I know where I am at know we only put controlled substances and floor stock in the pyxis. Regular meds that come from pharmacy for indivdual patients get put in the drop off bin for the nurse to put in the patient's med drawer.

Yep thats kind of what is happening here too...but only some controlled meds tend to get in the Pyxis. I am still trying to figure out the pattern of what to put in the Pyxis and what not to....it seems to me that there is no clear boundary that this HAS to be in the Pyxis and this can be out on the med drawer as well....but of course I could be mistaken...
 
True...I know of one hospital here that plans to get it in the start of the new year...ER pharmacy does sound pretty fun...but also wouldn't it be the same as the regular pharmacist duty just for longer hours and a shift system (as there as to be a pharmacist present every time)...how would it be any different from a regular hospital pharmacy?

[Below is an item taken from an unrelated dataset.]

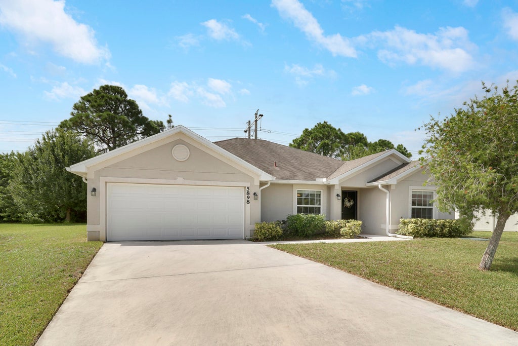 Welcome to Torino! This 4-bedroom, 2-bathroom home is located in a quiet cul-de-sac, offering a peaceful and convenient setting. The floor plan by Adams Homes is a single-story home that combines timeless design with modern functionality. This thoughtfully laid-out home offers an open-concept space, seamlessly connecting the kitchen, dining area, and living room to create a warm, inviting environment perfect for both everyday living and entertaining. The kitchen is has plenty of counter space, and a breakfast bar that's perfect for casual meals or socializing. Vaulted ceilings in both the kitchen and living room enhance the sense of space. A formal dining room provides a setting for dinner parties and family meals. The master suite is a private retreat, featuring a spacious bedroom,Pleasedouble vanities, a soaking tub, and walk-in closet. Three additional bedrooms are located on the opposite side of the home, offering privacy for family members, guests, or the flexibility to create a home office or hobby space. Other highlights include a two-car garage with additional storage space and hurricane shutters, a private backyard with pavers, an ideal space for a fire pit and relaxation. The home is has a well-designed layout that maximizes both comfort and privacy. The home features a floor plan that offers the perfect balance of style, function, and space for families of all sizes. Please note that some photos have been virtually stage.
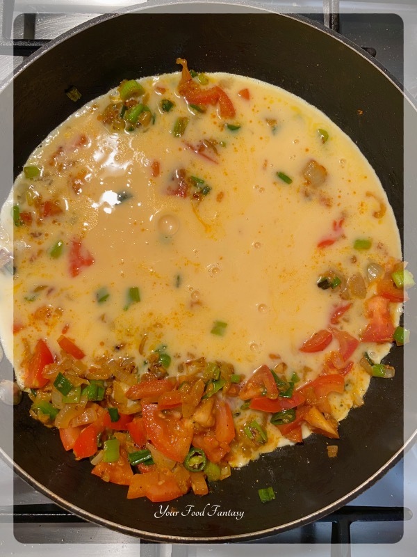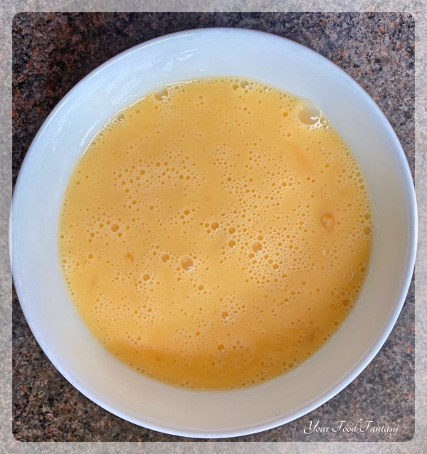 Break the eggs in a wide mouth bowl, add milk and whisk the eggs thoroughly.

There is nothing different about the ER pharmacist. The way I had it at my last hospital, I had a pharmacist on every floor processing orders. To have an ER pharmacist means....you place a pharmacist in ER to process orders right there. But think about it. 24/7 coverage of pharmacist in ER means 4.25 pharmacists. At $140,000 per pharmacist (with benefits)... we're looking at $600,000 per year.

Can your hospital afford it? Or Can your hospital afford not to do it... those are the questions your administrators must ask and answer.
 
There is nothing different about the ER pharmacist. The way I had it at my last hospital, I had a pharmacist on every floor processing orders. To have an ER pharmacist means....you place a pharmacist in ER to process orders right there. But think about it. 24/7 coverage of pharmacist in ER means 4.25 pharmacists. At $140,000 per pharmacist (with benefits)... we're looking at $600,000 per year.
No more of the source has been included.